Institute for War and Peace Reporting | Giving Voice, Driving Change
Albania: Ecological Time Bomb
One of the deadliest toxic waste areas in the Balkans affords a home to some 15,000 Albanians who would rather risk contamination than move to a safer but more poverty-stricken region.
Drinking water, milk and vegetables are heavily polluted from waste generated by former chemical plants at Spitalle in the Porto Romano commune of western Durres district about 40 km from Tirana.

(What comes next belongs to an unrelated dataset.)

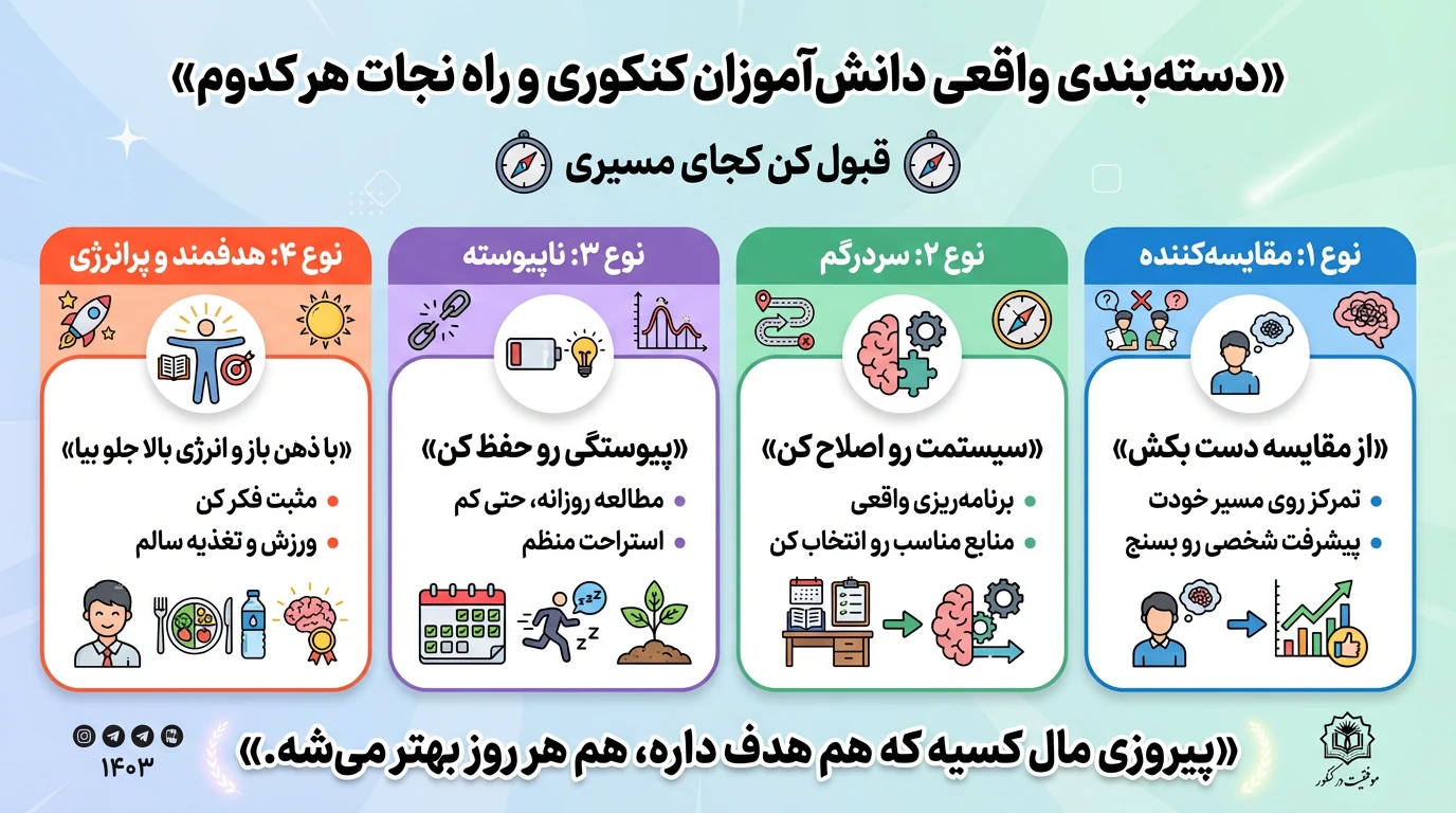 طبق تجربهی چندین سالهی کار با دانشآموزان پشتکنکوری و دوازدهم، میشه گفت دانشآموزای کنکوری این روزها تو چند دستهی مشخص قرار میگیرن. شناخت این دستهها یه فایده مهم داره:

But far from seeking to evacuate the region, the authorities are encouraging new migration and building housing. "The area is a totally contaminated," said Ilir Qesja, head of the regional environment agency branch in Durres, who for years has vainly urged local officials to refrain from encouraging people to move here.
"At least we're alive," said herdsman Sakip Jani, a 50-year-old who looks 20 years older. "What can we do?" In a shop at the entrance to Spitalle, Dafina said, "I came 11 years ago to find a better life - I then discovered it was poisoned - but we have no alternative but to stay here." A youngster chimed in, "As you see nothing has happened to us".
Under the former communist regime, Porto Romano contained a chemical plant producing pesticides and a leather-processing factory. People still live in cottages located between the two former factories. Dr Behar Musatlliu, from the local medical centre, said residents suffer mainly from leukemia and lung illnesses as well as skin infections.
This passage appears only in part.